Building Online Community

I've been thinking a lot about the new world of technology and how my message can best engage the new media. Not only that, but also how the message itself becomes shaped by the system of delivery. I believe it's important that my writing maintain its integrity - but at the same time I understand that communication must be pliable, flexible, malleable, if it is to be at all effective in real time.

Of course the very fact that people are reading this blog speaks to the cogency of the topic. My commitment to post blog entries six days every week is not only a consequence of this technology (and the "24-hour news cycle") but it - in effect - becomes a contributing factor to the credibility of this mode of communication. Participation is - in a large sense - sanction.

My message itself is becoming shaped by the fact that I do not have a few days, a week, or a month, to carefully craft my post - and, at the same time, the authenticity of what I have to share is necessarily improved by the very immediacy that makes it difficult to produce.

- Posting on this blog is not the same as writing a chapter for a book. But, rather than trying to force blog readers to digest book-segments in this context, it's incumbent on me to meet visitors here and share good news with them in the language of this venue. It's another way to follow Jesus in terms of "Be my witnesses in Jerusalem, and in all Judea and Samaria, and to the ends of the earth."

This is - in a very real sense - the ends of the earth.

Meanwhile, I'm in the process of taking my first "on-line" class. I'm participating in a workshop offered by the Institute for Discipleship (IFD), through , a learning extension program housed on the campus of Southwestern College in Kentucky. When I have completed my class, I'll be certified to teach on-line through the IFD.

A lot of our conversation (there are 14 of us taking the class) these first few days has been about how to build community in a virtual environment. Community requires interaction... but the on-line model deprives us of many of the cues involved in human contact. Handshakes, eye-brow raising, hugs, posture, proximity, looking people in the eye - or not, frowns, the way we are dressed... just a few of the elements that contribute to communication.

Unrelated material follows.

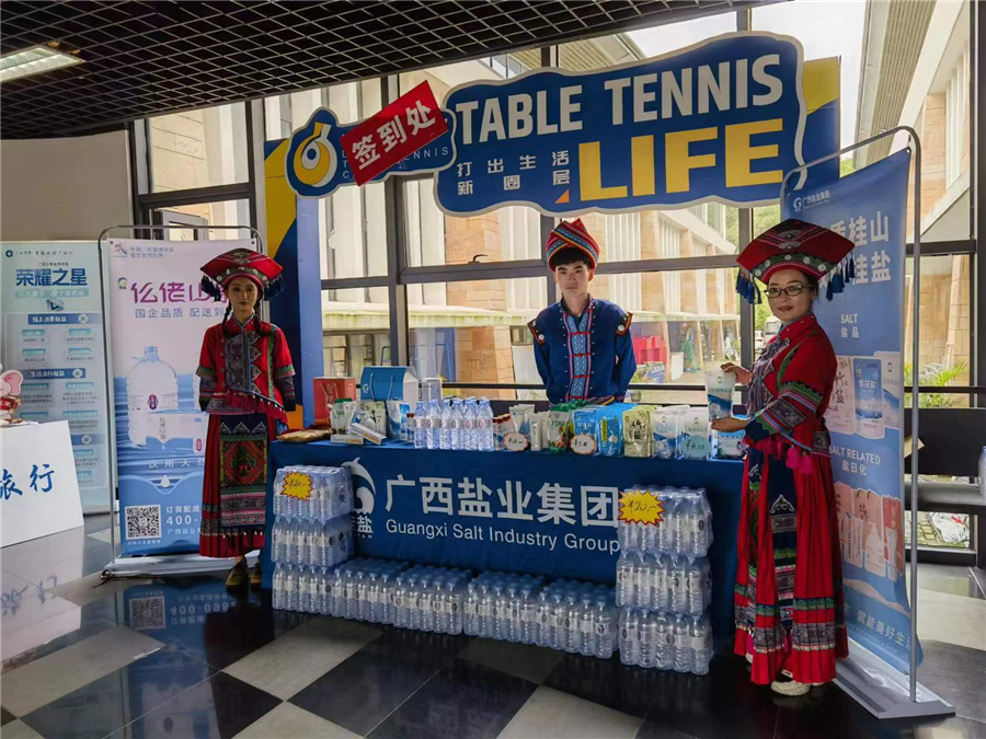 活動(dòng)當(dāng)天,廣西北部灣鹽業(yè)科技有限責(zé)任公司在場(chǎng)館內(nèi)外分別設(shè)立兩個(gè)仫佬山泉展示區(qū),工作人員現(xiàn)場(chǎng)身著具有廣西特色的少數(shù)民族傳統(tǒng)服飾,為現(xiàn)場(chǎng)的領(lǐng)導(dǎo)及嘉賓認(rèn)真介紹鹽業(yè)集團(tuán)旗下的仫佬山泉及其他產(chǎn)品。現(xiàn)場(chǎng)觀眾紛紛駐足停留爭(zhēng)先品嘗仫佬山泉,并給出一致好評(píng),現(xiàn)場(chǎng)學(xué)青會(huì)工作人員更是表示仫佬山泉是選購飲用水的首選產(chǎn)品。

But, at the same time, barriers are removed. People tend to be less shy, more willing to speak their minds, more comfortable with their viewpoint. Some of the barriers - of course - are for our own protection and the protection of others. Being less circumspect is not necessarily a helpful factor when building community; holding back can actually promote dialog; catching someone's eye mid-sentence - when they're stepping all over someone else's toes - can serve to promote unity....

So a lot of new skill sets must be developed by those of us who moderate (or facilitate) on-line community....

Obviously there's a lot to talk about, not only in my class but here in this particular venue. I'm open - as always - for feedback. I know some of my facebook friends will jump on board this discussion the moment this is posted. I'd love to hear from you.

Most of all I want to be able to utilize emerging media to communiccate what I know to be true and healing and hopeful and encouraging and challenging and life-changing about the Gospel.